With emotions running high, several times White had to lecture the crowd to be respectful of others who were speaking.
“I don’t understand how you can say that all lives matter when that is in the dedication to that monument, at the need of the day, the Confederacy fought for the wrong side,” said Devon Cheeves, a 27-year-old black woman, her voice quivering. “We do not erect monuments in favor of those who fought on the wrong side … We don’t erect monuments to Saddam Hussein, when we won the war in Iraq, we tore down his statue, because we knew it was wrong and on the wrong side of history, so I am all about history, but you don’t need a monument on public property.”
That prompted a mocking from St. Petersburg attorney Andy Strickland.
“Oh my goodness, all that emotion — that’s what liberalism is, emotion,” he said disdainfully. “I feel sorry for our liberal friends. They see race and racism everywhere from Skittles to global warming to snow to coffee to the Republican Party.”
Commissioners Pat Kemp and Al Higginbotham joined Miller in voting to remove the monument.

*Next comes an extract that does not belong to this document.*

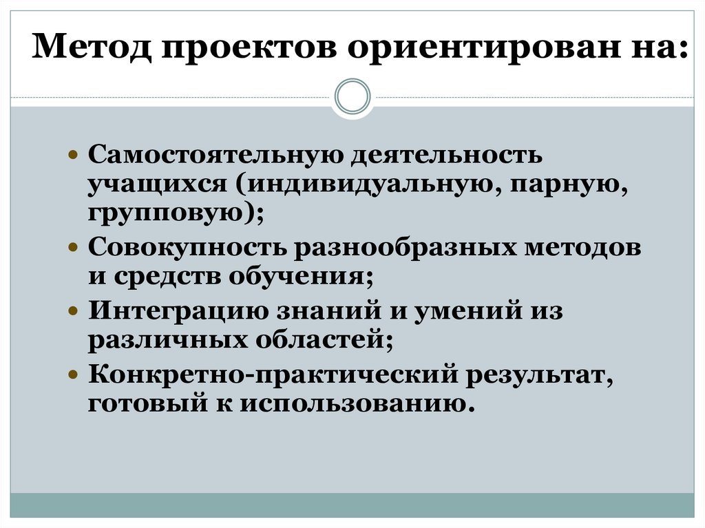 5. Метод проектов ориентирован на:

Higginbotham, partially paralyzed since 1995, said he would never know what it’s like to be discriminated against for the color of his skin, but knows “what it’s like to be treated differently because of a disability. I do know what it’ like to be treated differently because people don’t think that I’m smart. People don’t think that I’m capable.”
Before the vote, Elvis Bagott, a 29-year-old black man running for the District 5 County Commission seat next year, said moving the monument would change nothing from an individual perspective.
“But from a government level,” he said, “it’s setting an example that we as a body don’t tolerate, nor do we condone racism, nor do we condone what it was designed for in that time. We don’t want government locally to have anything associated that will segregate or isolate people, because we represent them all.”
Ultimately, the board opted not to go that way. Commissioners White, Crist, Sandy Murman and Ken Hagan voted to maintain the monument.
Later, the board approved a proposal by Murman to direct $250,000 to the Tampa History Museum Center, along with the Hillsborough County School Board and the county’s “Safe and Sound” violence preventive program, for developing a curriculum to teach children about history and respect for everyone in the community.